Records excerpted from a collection
# # # # # # #
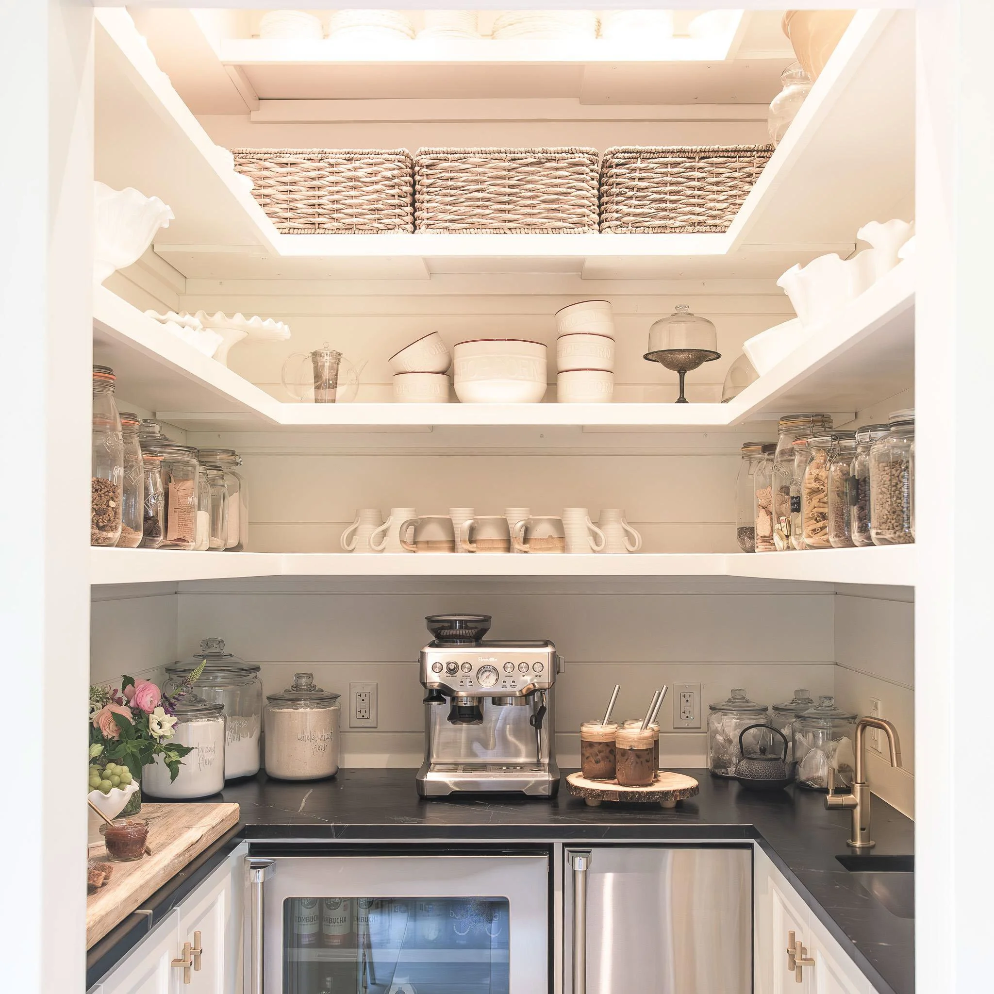 We also made the entrance to the kitchen wider and pushed out the wall to the right of the sliding doors. That extra bit of space came from the living room, which had some square footage to spare, and it allowed us to create a walk-in pantry. We clad the walls with shiplap right up to the ceiling and added an ice maker, beverage center, narrow cupboards, and counter-to-ceiling shelving. It gave us the storage we had always dreamed of.
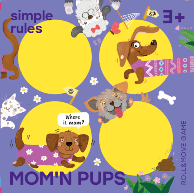 Descrizione: The pups are running along the path; mom is coming towards them. Collect sugar bones along the way, and do not forget to bark loudly if you encounter a cat! And sometimes, oops, you need to take a break - well, we've all been there.… When reuniting, warm hugs are awaiting mom and her pups, and not only on the game board! The goal is for the mother dog and her puppies to meet on the same square of the game board. Players take turns rolling a die and moving their figurine according to the result. Puppies always move towards their mother, and the mother always moves towards her pups. If a player lands on a square with a cat, they bark; with a bone, they lick their nose; with another dog, they shake hands, hug, or rub noses. The game ends when all the puppies and the mother are on the same square. If a puppy and the mother meet during a turn, they stop at that spot and wait for the other puppies to join them.
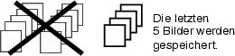 Die Kamera nimmt bis zu 30 Bilder auf (3 Bilder pro Sekunde), während der Auslöser gedrückt wird. Wenn der Auslöser losgelassen wird, werden nur die letzten 5 Bilder gespeichert. |
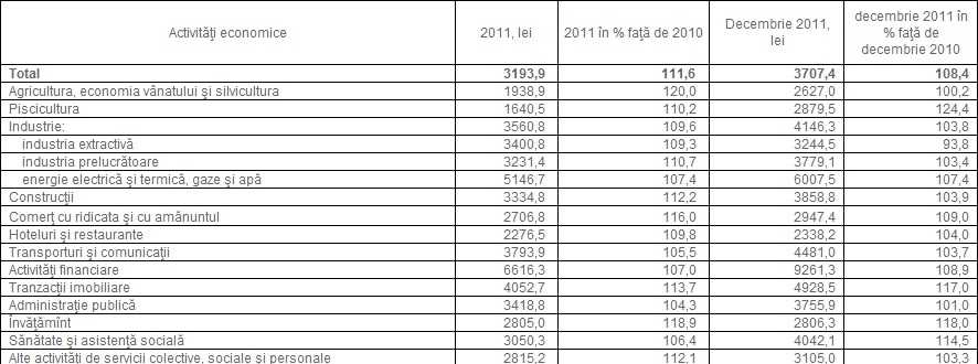 Astfel, în luna decembrie 2011, câştigul salarial mediu a fost de 3707,4 lei, înregistrând o creştere cu 8,4% faţă de luna decembrie 2010 şi cu 14,7% faţă de luna precedentă (noiembrie 2011). Indicele câştigului salarial real pentru luna decembrie 2011 faţă de luna decembrie 2010 (calculat ca raport între indicele câştigului salarial şi indicele preţurilor de consum) a fost de 100,6%.
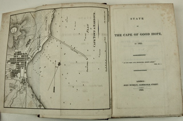 London: John Murray, 1823. First edition (pp. viii, 377). Octavo (23 cm) in full polished maroon calf, fine gilt titles and decoration, t.e.g., gilt decorated marbled endpapers; two folding maps. Lightly sun-faded at an edge. “The volume was written anonymously under the signature of ‘A Civil Servant of the Colony’, and it is claimed that it is 'a plain narrative of whatever may have attracted general attention', whilst the editor, Mr. H.T. Colebrook, states in his Preface, 'I have inserted brief notes at the foot of the page; and subjoin a few annotations on topics of interest, upon which I am desirous of delivering my own sentiments at greater length.’ The author, a public official, had opportunities of inspecting Government papers, estimates, and statistics, and with regard to these matters, the volume may be taken to accurately represent the position of the Cape colony at this period. Full particulars are given with reference to the system of Government, Courts of Law, and Burgher Senate, the 'enregisterment of slaves', together with notes upon agriculture, viticulture, whale-fishing, &c. &c. There is an interesting description of Cape Town, and 'of the manners, customs, and habits of its people'. the remarks are by no means uniformly complimentary to the Dutch inhabitants, and reflect in a curious light the somewhat primitive state of the majority of the population” (Mendelssohn). Near Fine in a splendid bespoke binding.
# # # # # # #
Work to complete: Leaving out the pictures, please output the lines in the entries above from the one with "Die Kamera nimmt" through the one with "Astfel, în luna", exactly as they are.

Worked solution:
 Die Kamera nimmt bis zu 30 Bilder auf (3 Bilder pro Sekunde), während der Auslöser gedrückt wird. Wenn der Auslöser losgelassen wird, werden nur die letzten 5 Bilder gespeichert. |
 Astfel, în luna decembrie 2011, câştigul salarial mediu a fost de 3707,4 lei, înregistrând o creştere cu 8,4% faţă de luna decembrie 2010 şi cu 14,7% faţă de luna precedentă (noiembrie 2011). Indicele câştigului salarial real pentru luna decembrie 2011 faţă de luna decembrie 2010 (calculat ca raport între indicele câştigului salarial şi indicele preţurilor de consum) a fost de 100,6%.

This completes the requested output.